# Where do I post my rent relief form to?



## gerprem08 (9 Jun 2009)

Just found ( with great difficulty) the rent relief/allowance form online.
Where do I post this to?
Also, in the section where it asks what tax year I am applying for, I entered 2008.
Is this correct?
Any advice is appreciated.
Thanks
Ger


----------



## Guest128 (9 Jun 2009)

From citizen's info site:
"Whether you landlord lives in Ireland or abroad, to claim rent relief you must complete Form Rent 1 (pdf) and *send to your local tax office*"

You can back claim for up to four years and you can claim for 2009 as well if you are still renting to get it going forward.

Why was it hard to find? I put "rent relief form" into Google and its the first result!


----------



## mathepac (9 Jun 2009)

"*your local tax office" *is listed on the Revenue web-site http://www.revenue.ie . As you haven't given a location, that's as specific as the information gets I'm afraid.


----------



## gerprem08 (9 Jun 2009)

FLANDERS` said:


> Why was it hard to find? I put "rent relief form" into Google and its the first result!

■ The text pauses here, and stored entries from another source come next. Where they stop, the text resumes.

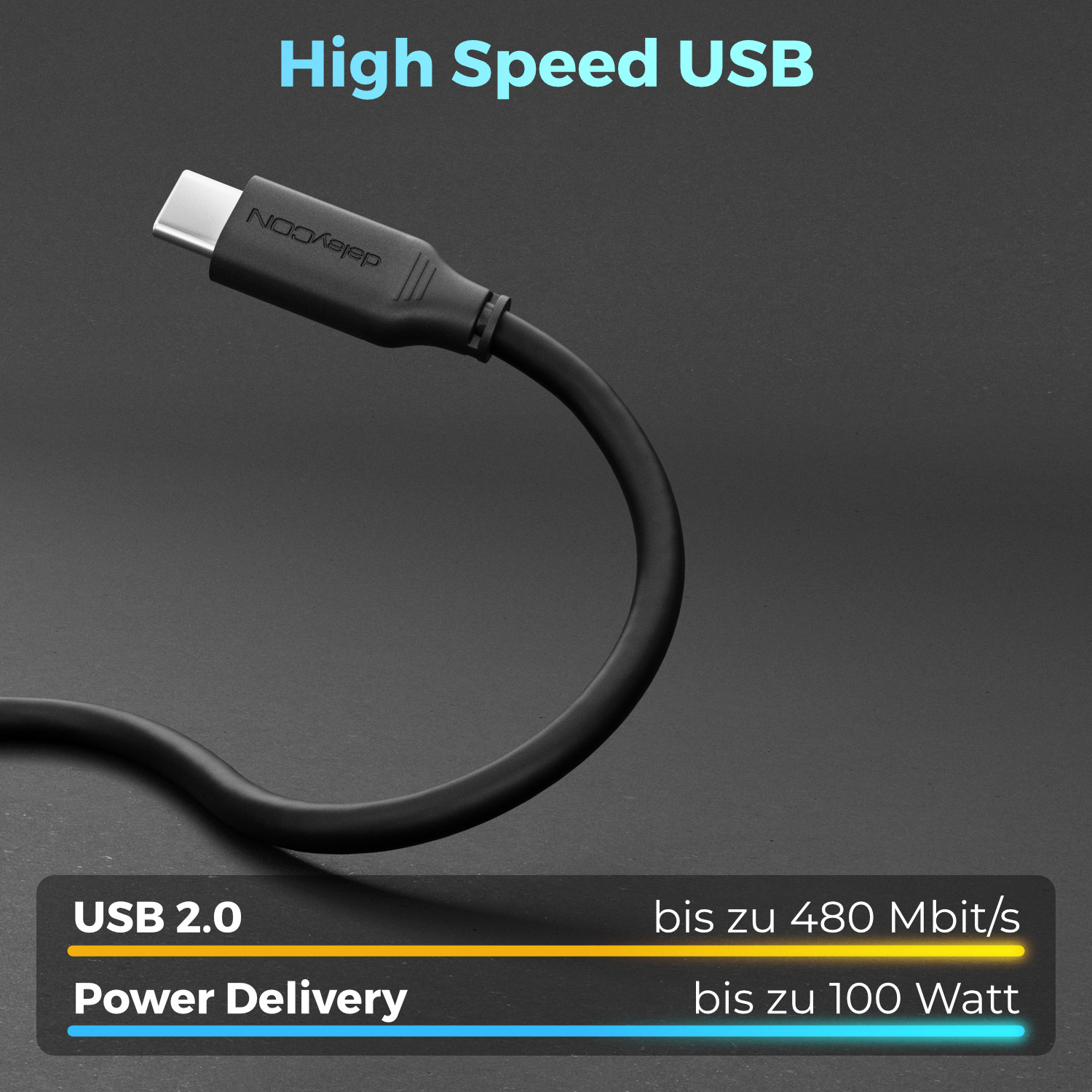 Das deleyCON USB-C auf USB-C Kabel bietet schnelles und zuverlässiges Laden für alle kompatiblen Geräte.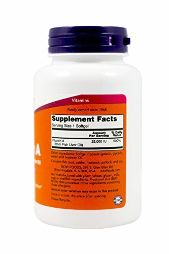 Now Foods Vitamin A, 25000 IU from Fish liver oil, 500 Soft-gels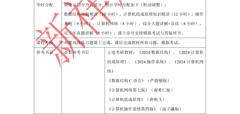 北京大学考研辅导班:2024年计算机学科专业基础考研参考书目、复习规划、授课计划等汇总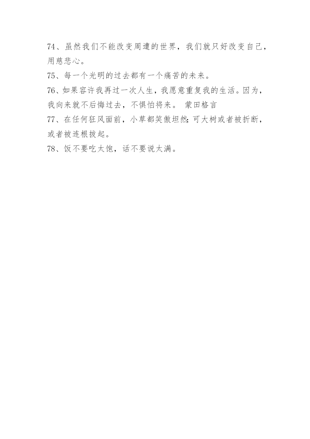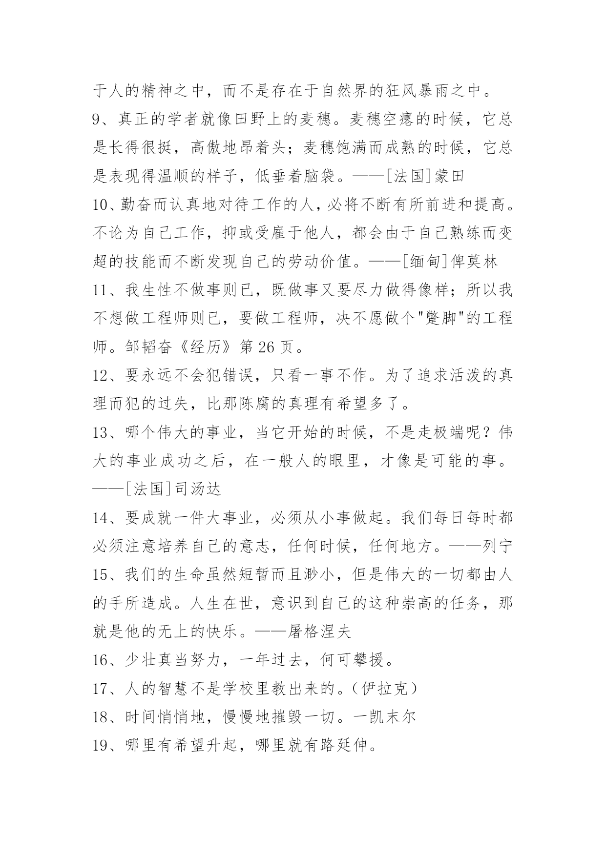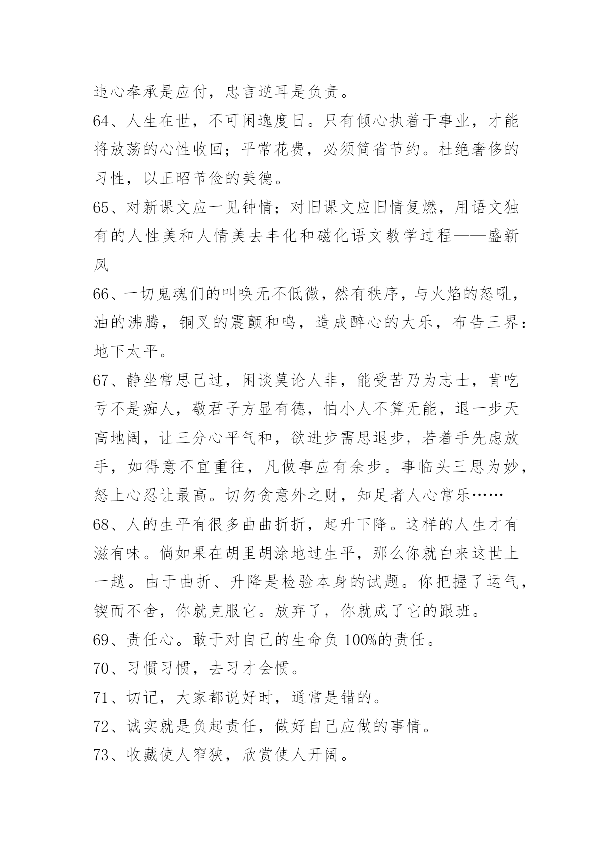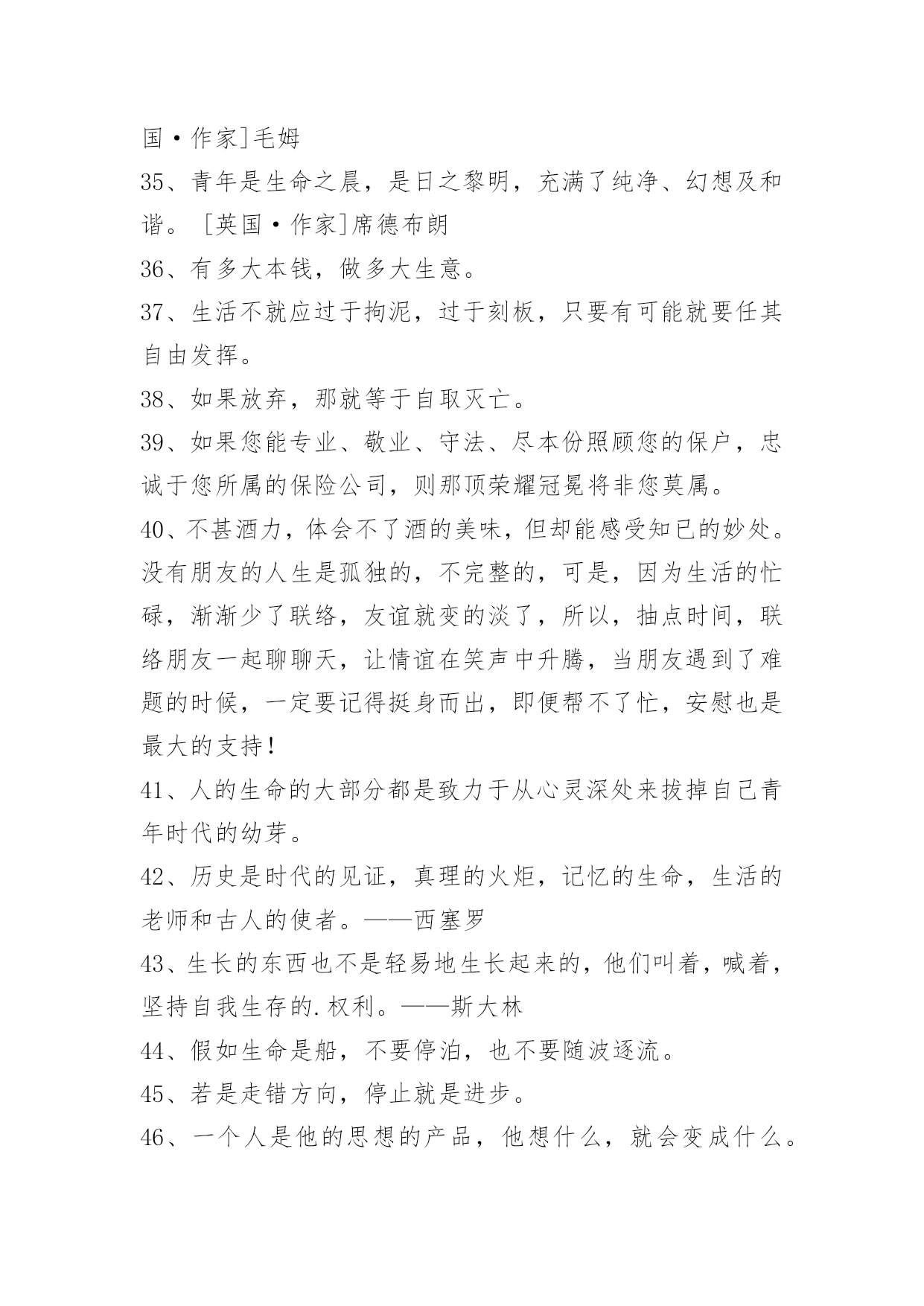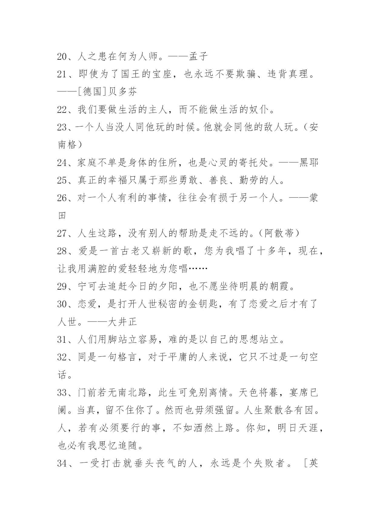 人生感悟格言78条人生感悟格言集锦78条见其诚心而金石为之开。——韩耍以下是小编为大家收集的人生感悟格言78条,欢迎阅读与收藏。1、不要刻意把有可能是伙伴的人变成对手。2、慎重地进行每一次选择,选择之后坚定地走好每一步!3、不要让苦难扼住你的喉咙,我们要把握住命运的命脉,不能屈服。4、大部分开拓新领域的科学发现,都具有难以预见的本性,因而,作出这样一种发现的几乎是唯一的道路,就依赖于无意中偶然发现的某些线索。——[澳大利亚]贝弗里奇5、人生是痛苦的,人生是恐怖的。因此,人是不幸的。然而,人现在却珍惜着人生,这是因为他受着痛苦和恐怖。——[俄国]陀思妥耶夫斯基在人生的海洋上,最痛快的事是独断独航,但最悲惨的却是回头无岸。——[意大利]哥伦布6、我生活的全部乐趣都来自工作,只有那些从来都不安于创造的人才认为工作是枯燥的。——[法国]卢梭7、塑造一个完全的自我!不要盲目崇尚伟人,勿须一味模仿名人。主宰属于自己的思想王国,一旦认准道路,就毫不犹豫地走下去。8、人越是能够将心比心,他就越是真正的人。这个真理不仅是主观价值,而且表现在我们生活的每个方面。崇高存在于人的精神之中,而不是存在于自然界的狂风暴雨之中。9、真正的学者就像田野上的麦穗。麦穗空瘪的时候,它总是长得很挺,高傲地昂着头;麦穗饱满而成熟的时候,它总是表现得温顺的样子,低垂着脑袋。——[法国]蒙田10、勤奋而认真地对待工作的人,必将不断有所前进和提高。不论为自己工作,抑或受雇于他人,都会由于自己熟练而变超的技能而不断发现自己的劳动价值。——[缅甸]俾莫林11、我生性不做事则已,既做事又要尽力做得像样;所以我不想做工程师则已,要做工程师,决不愿做个"蹩脚"的工程师。邹韬奋《经历》。12、要永远不会犯错误,只看一事不作。为了追求活泼的真理而犯的过失,比那陈腐的真理有希望多了。13、哪个伟大的事业,当它开始的时候,不是走极端呢?伟大的事业成功之后,在一般人的眼里,才像是可能的事。——[法国]司汤达14、要成就一件大事业,必须从小事做起。我们每日每时都必须注意培养自己的意志,任何时候,任何地方。——列宁15、我们的生命虽然短暂而且渺小,但是伟大的一切都由人的手所造成。人生在世,意识到自己的这种崇高的任务,那就是他的无上的快乐。——屠格涅夫16、少壮真当努力,一年过去,何可攀援。17、人的智慧不是学校里教出来的。(伊拉克)18、时间悄悄地,慢慢地摧毁一切。一凯末尔19、哪里有希望升起,哪里就有路延伸。20、人之患在何为人师。——孟子21、即使为了国王的宝座,也永远不要欺骗、违背真理。——[德国]贝多芬22、我们要做生活的主人,而不能做生活的奴仆。23、一个人当没人同他玩的时候。他就会同他的敌人玩。(安南格)24、家庭不单是身体的住所,也是心灵的寄托处。——黑耶25、真正的幸福只属于那些勇敢、善良、勤劳的人。26、对一个人有利的事情,往往会有损于另一个人。——蒙田27、人生这路,没有别人的帮助是走不远的。(阿散蒂)28、爱是一首古老又崭新的歌,您为我唱了十多年,现在,让我用满腔的爱轻轻地为您唱……29、宁可去追赶今日的夕阳,也不愿坐待明晨的朝霞。30、恋爱,是打开人世秘密的金钥匙,有了恋爱之后才有了人世。——大井正31、人们用脚站立容易,难的是以自己的思想站立。32、同是一句格言,对于平庸的人来说,它只不过是一句空话。33、门前若无南北路,此生可免别离情。天色将暮,宴席已阑。当真,留不住你了。然而也毋须强留。人生聚散各有因。人,若有必须要行的事,不如洒然上路。你知,明日天涯,也必有我思忆追随。34、一受打击就垂头丧气的人,永远是个失败者。[英国·作家]毛姆35、青年是生命之晨,是日之黎明,充满了纯净、幻想及和谐。[英国·作家]席德布朗36、有多大本钱,做多大生意。37、生活不就应过于拘泥,过于刻板,只要有可能就要任其自由发挥。38、如果放弃,那就等于自取灭亡。39、如果您能专业、敬业、守法、尽本份照顾您的保户,忠诚于您所属的保险公司,则那顶荣耀冠冕将非您莫属。40、不甚酒力,体会不了酒的美味,但却能感受知已的妙处。没有朋友的人生是孤独的,不完整的,可是,因为生活的忙碌,渐渐少了联络,友谊就变的淡了,所以,抽点时间,联络朋友一起聊聊天,让情谊在笑声中升腾,当朋友遇到了难题的时候,一定要记得挺身而出,即便帮不了忙,安慰也是最大的支持!41、人的生命的大部分都是致力于从心灵深处来拔掉自己青年时代的幼芽。42、历史是时代的见证,真理的火炬,记忆的生命,生活的老师和古人的使者。——西塞罗43、生长的东西也不是轻易地生长起来的,他们叫着,喊着,坚持自我生存的.权利。——斯大林44、假如生命是船,不要停泊,也不要随波逐流。45、若是走错方向,停止就是进步。46、一个人是他的思想的产品,他想什么,就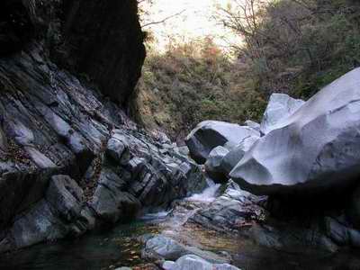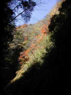 自宅4:55〜本厚木5:31(5:18に乗り遅れる)〜松田6:19〜谷峨6:35頃〜歩いて湯本平へ7:30〜滝口沢大滝往復〜神縄7:46富士急バス〜玄倉8:00〜青ザレ隧道手前9:00〜玄倉川〜モチコシ沢出会9:40〜モチコシ滝往復9:50〜向山沢出会い〜玄倉ダム下10:45〜玄倉発電所〜廃屋から河原11:10-15〜同角沢出会い11:20-11:25〜ユーシン11:50-12:05〜玄倉13:15富士急バス13:26〜新松田14:24〜本厚木14:55頃〜自宅 2004/11/27 爆弾低気圧が北日本を襲い猛烈な大風が吹いたそうだが、丹沢では一日中穏やかに晴れた暖かい日でした。

I was entering 'rent allowance' instead of 'rent relief'.
Are they the same thing?
Thanks for the replies.


----------



## Guest128 (9 Jun 2009)

Ah I see. 

No I dont think they are the same. Anyone (except students I think) who is renting can claim Rent Relief, its a tax relief. Rent Allowance (I believe) is a benefit and is related to social welfare and your income......


----------



## gerprem08 (15 Jun 2009)

Just got a reply from welfare.ie.


Dear Ger,

if you log on to www.welfare.ie and if you go to A-Z index then click on the 
"Forms For Download", click on the letter S and that will bring up the 
Supplementary Welfare Allowance application form for the Rent Allowance.


Regards,

Information Section

Am I being fobbed off here?
Is my rent allowance application being processed or what?
I've e-mailed these questions back to the welfare people but I don't know what to think!
Any advice?
Thanks
Ger


----------



## gerprem08 (18 Jun 2009)

It'll all been sorted.
Thanks for the replies lads!


----------